▸ **WHAT THE TASK REQUIRES**
Reproduce, exactly and only, the lines of the data that follows from the one containing "Page 701 of" down to the one containing "We ate the pizza", without pictures.

▸ **MATERIAL PROVIDED**
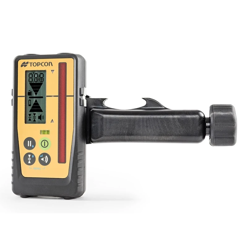 - The sensor offers three colored LED’s and a magnet mount for vertical operation, which is designed to be useful for steel erection or operator grade-checking while excavating. Alert icons appear on the LCD if the accompanying Topcon rotating laser instrument is disturbed (HI alert) or when the laser battery is low
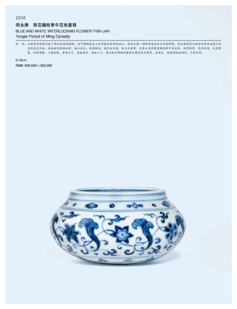 说 明:永乐青花瓷器代表了明代瓷器的巅峰,在中国陶瓷史上具有极其重要的地位。虽然永乐一朝时间远远长於宣德时期,但永乐青花文物存世量却远远少於
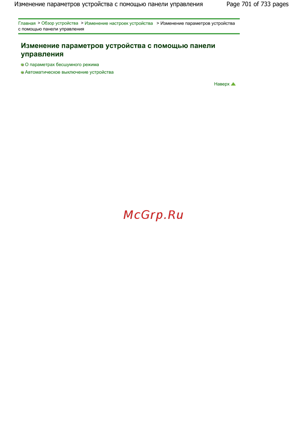 Page 701 of 733 pagesИзменение параметров устройства с помощью панели управления
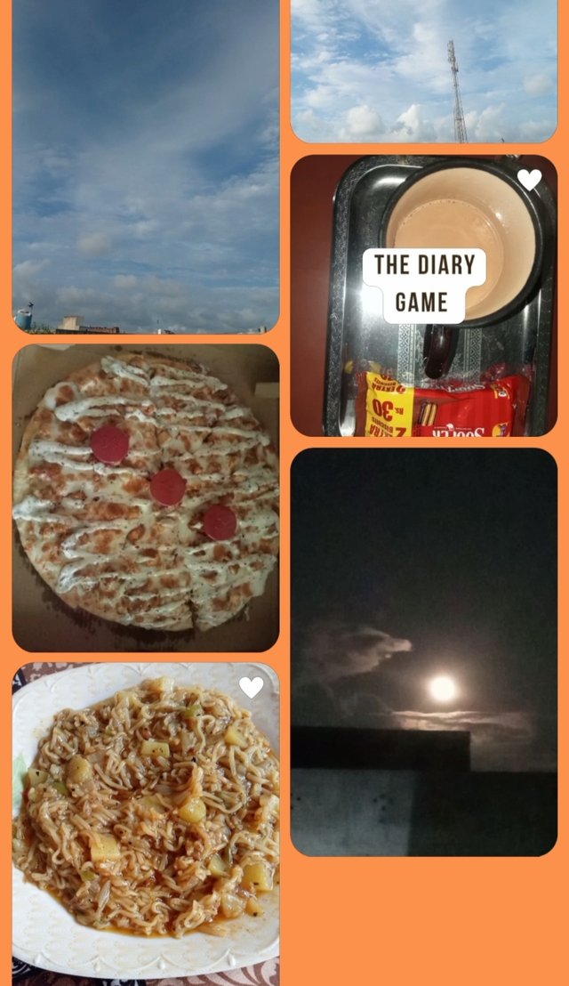 We ate the pizza after eating and at the same time my mother cooked home-cooked food. After giving and eating, we went up to the roof. There were very beautiful clouds and the moon was looking very beautiful. Then we walked on the roof and talked a lot.
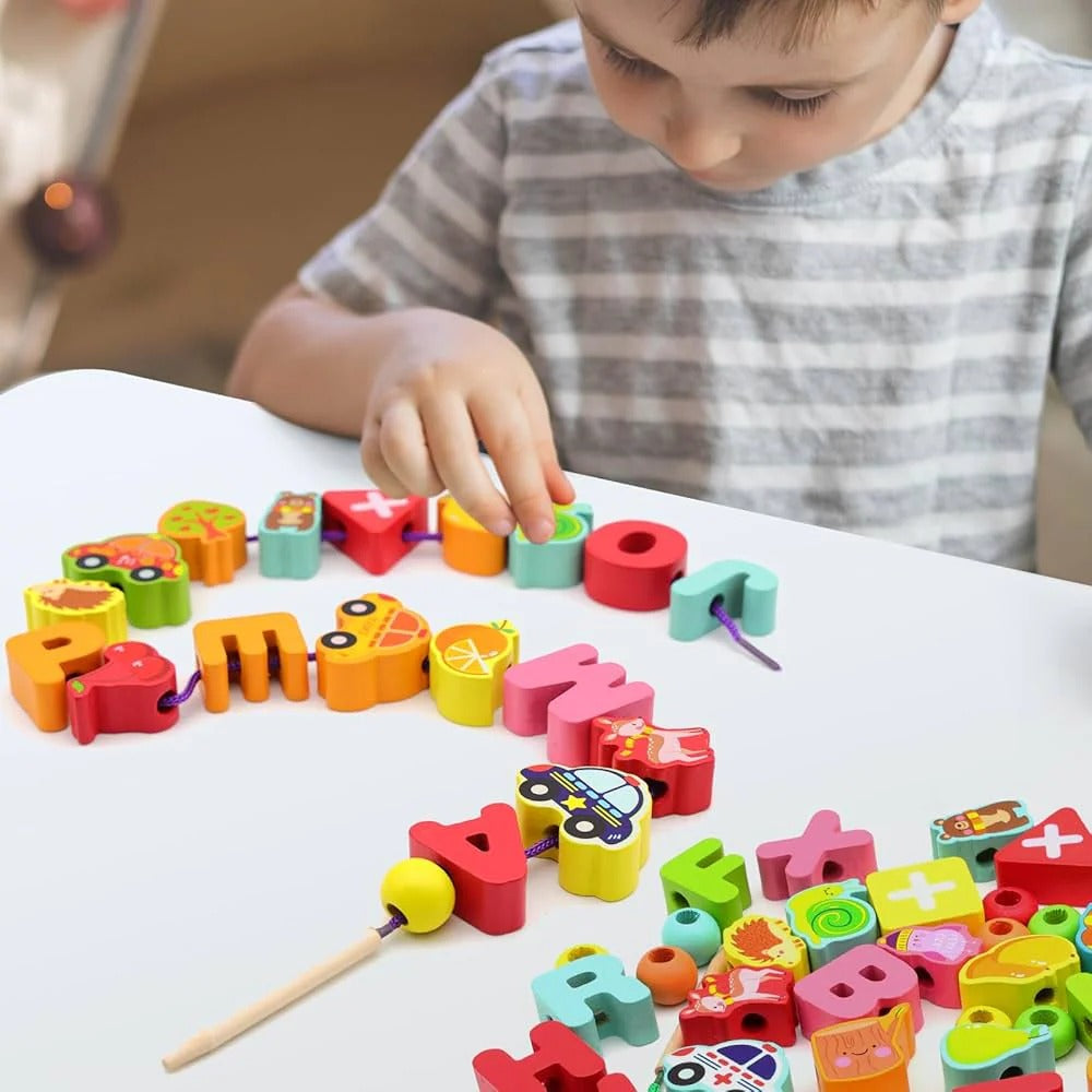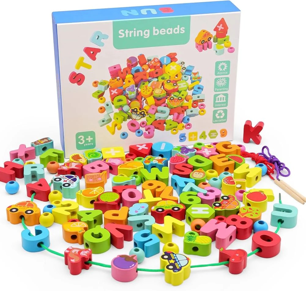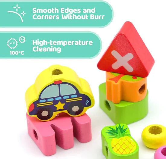 Perles d’Enfilage en Bois – 100 Blocs Éducatifs (Chiffres, Fruits, Véhicules)
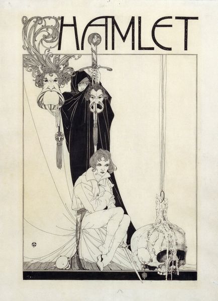 John Austen created this drawing, Hamlet, using ink, demonstrating his masterful control over line and form. The composition, tightly framed, draws us into a scene dominated by intricate patterns and stark contrasts of black and white. The density of lines creates a rich texture, inviting a close visual reading. Austen uses a semiotic system where each element signifies more than its mere appearance. Hamlet, cloaked and centered, is framed by players on either side, and a nude child-like figure with mask motifs which create layers of symbolic depth and a theatrical atmosphere. The formal qualities of the piece—the balance of light and shadow, the deliberate arrangement of figures—reflects broader artistic concerns of the period, particularly the exploration of psychological states through visual means. Notice how Austen destabilizes traditional interpretations of Shakespeare’s play. The graphic approach suggests the character’s multiple layers and the complexity of the human condition. This Hamlet is not static; it’s a dynamic interplay of form and meaning.

▸ **ANSWER BOX**
 Page 701 of 733 pagesИзменение параметров устройства с помощью панели управления
 We ate the pizza after eating and at the same time my mother cooked home-cooked food. After giving and eating, we went up to the roof. There were very beautiful clouds and the moon was looking very beautiful. Then we walked on the roof and talked a lot.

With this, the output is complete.